O diplomata marroquino Fouad Yazourh apresentou, no evento World In Progress (WIP) em Barcelona, uma nova hoja de ruta para a região do Sahel. O plano destaca a necessidade de cooperação regional e o desenvolvimento como chave para a estabilização, além de rejeitar intervenções militares.

Yazourh, que é diretor geral de Assuntos Políticos Internacionais no Ministério de Relações Exteriores de Marrocos, enfatizou que o país está alinhado com Espanha e Estados Unidos nesse esforço. Ele afirmou que a única solução para a crise no Sahel é o desenvolvimento econômico e social, e não ações militares, que, segundo ele, não trouxeram resultados positivos.

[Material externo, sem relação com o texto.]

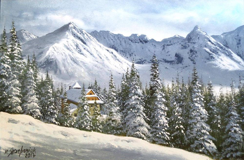 M. Szczepaniak "Tatry - schronisko Murowaniec" olej na płótnie 60x40cm wykonany ręcznie, sygnowany, werniksowany

O diplomata também abordou a questão da imigração irregular, informando que em 2024 foram abortados mais de 70 mil tentativas de entrada ilegal em Marrocos. Além disso, 18 mil pessoas foram resgatadas no mar, e 6 mil conseguiram retornar voluntariamente a seus países de origem. Yazourh ressaltou a importância de tratar os imigrantes como vítimas e os traficantes como criminosos.

Parceria Energética e Comércio

Um dos pontos centrais do plano é a construção do gasoduto Lagos-Marrakech, que permitirá a eletrificação de 14 países africanos. Essa infraestrutura é vista como um motor para o desenvolvimento social e empresarial na região. Yazourh também destacou a importância de facilitar o acesso ao mar para os países do Sahel interior, melhorando assim sua capacidade comercial.

O diplomata concluiu que o momento atual é favorável para as relações entre Marrocos e Espanha, destacando a necessidade de um diálogo sereno e fundamentado em princípios claros. A abordagem marroquina para o Sahel é uma tentativa de consolidar sua posição de liderança na África e promover uma cooperação mais eficaz entre os países da região.